The afternoon light came through the library window at exactly the angle that makes dust motes visible—those tiny planets orbiting in their own silent cosmos. I was reading about the Library of Alexandria again, not for research this time, just because I found myself thinking about what it means when knowledge disappears.
There's a passage I keep returning to, from Luciano Canfora's work: "The library was not burned by anyone, but died gradually, of indifference." That hit differently today. I'd been organizing my own bookshelves this morning and found three books I'd bought with genuine excitement two years ago, still unread, still wrapped in their protective covers. The parallel felt uncomfortably close.
What struck me wasn't the dramatic image of flames consuming scrolls—that's the version we prefer, the tragedy we can blame on villains and circumstance. It's easier than admitting that most knowledge doesn't perish in spectacular fashion. It just quietly becomes irrelevant, one unopened book at a time, one unasked question at a time.

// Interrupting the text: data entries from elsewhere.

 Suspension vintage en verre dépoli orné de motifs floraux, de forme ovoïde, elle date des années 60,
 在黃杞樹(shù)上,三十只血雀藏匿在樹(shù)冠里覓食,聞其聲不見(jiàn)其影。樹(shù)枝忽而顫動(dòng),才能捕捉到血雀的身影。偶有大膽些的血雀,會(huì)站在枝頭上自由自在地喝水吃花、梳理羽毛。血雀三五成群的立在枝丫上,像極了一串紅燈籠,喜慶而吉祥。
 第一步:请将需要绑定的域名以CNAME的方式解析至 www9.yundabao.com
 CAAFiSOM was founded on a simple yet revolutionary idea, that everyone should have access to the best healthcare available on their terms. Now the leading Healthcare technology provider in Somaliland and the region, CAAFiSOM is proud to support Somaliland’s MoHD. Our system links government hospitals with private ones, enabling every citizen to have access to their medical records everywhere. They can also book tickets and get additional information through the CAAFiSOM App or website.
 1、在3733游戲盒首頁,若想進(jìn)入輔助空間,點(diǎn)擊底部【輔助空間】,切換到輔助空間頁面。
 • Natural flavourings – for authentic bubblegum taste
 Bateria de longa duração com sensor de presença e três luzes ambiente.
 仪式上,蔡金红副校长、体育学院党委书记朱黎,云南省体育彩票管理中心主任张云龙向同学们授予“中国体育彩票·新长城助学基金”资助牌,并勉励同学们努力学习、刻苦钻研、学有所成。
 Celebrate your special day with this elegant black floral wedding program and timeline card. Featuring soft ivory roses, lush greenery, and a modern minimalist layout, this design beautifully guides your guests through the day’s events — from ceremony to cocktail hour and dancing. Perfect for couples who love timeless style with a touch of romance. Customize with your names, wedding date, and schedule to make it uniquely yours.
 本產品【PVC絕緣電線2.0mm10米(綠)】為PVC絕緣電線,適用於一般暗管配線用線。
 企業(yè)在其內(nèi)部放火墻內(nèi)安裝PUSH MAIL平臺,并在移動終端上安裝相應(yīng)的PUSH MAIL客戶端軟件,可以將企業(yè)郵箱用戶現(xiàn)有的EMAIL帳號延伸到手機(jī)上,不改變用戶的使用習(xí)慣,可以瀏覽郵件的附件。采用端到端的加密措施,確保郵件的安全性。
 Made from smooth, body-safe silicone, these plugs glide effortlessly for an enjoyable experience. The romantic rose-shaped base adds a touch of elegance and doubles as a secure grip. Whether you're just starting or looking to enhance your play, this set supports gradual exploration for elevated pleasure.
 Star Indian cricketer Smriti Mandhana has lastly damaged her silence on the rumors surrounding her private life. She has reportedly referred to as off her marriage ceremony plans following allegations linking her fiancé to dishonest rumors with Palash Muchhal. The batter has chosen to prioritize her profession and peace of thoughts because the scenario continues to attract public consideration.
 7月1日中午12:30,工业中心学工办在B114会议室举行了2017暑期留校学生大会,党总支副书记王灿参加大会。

I thought about the scholars who must have walked past those shelves in Alexandria's declining years, perhaps making mental notes to read certain texts "later," never knowing there wouldn't be a later. Did they feel the same small guilt I felt this morning, looking at those three books?
The question I faced today was simple: keep organizing the shelves by category, or actually start reading? I chose reading. Opened one of those three books—a history of medieval mapmaking. Twenty pages in, I realized I'd been measuring the wrong kind of progress. A perfectly organized shelf of unread books is just a well-curated ignorance.
There's something humbling about recognizing yourself in the slow fade of an ancient library. Not the burning, just the forgetting.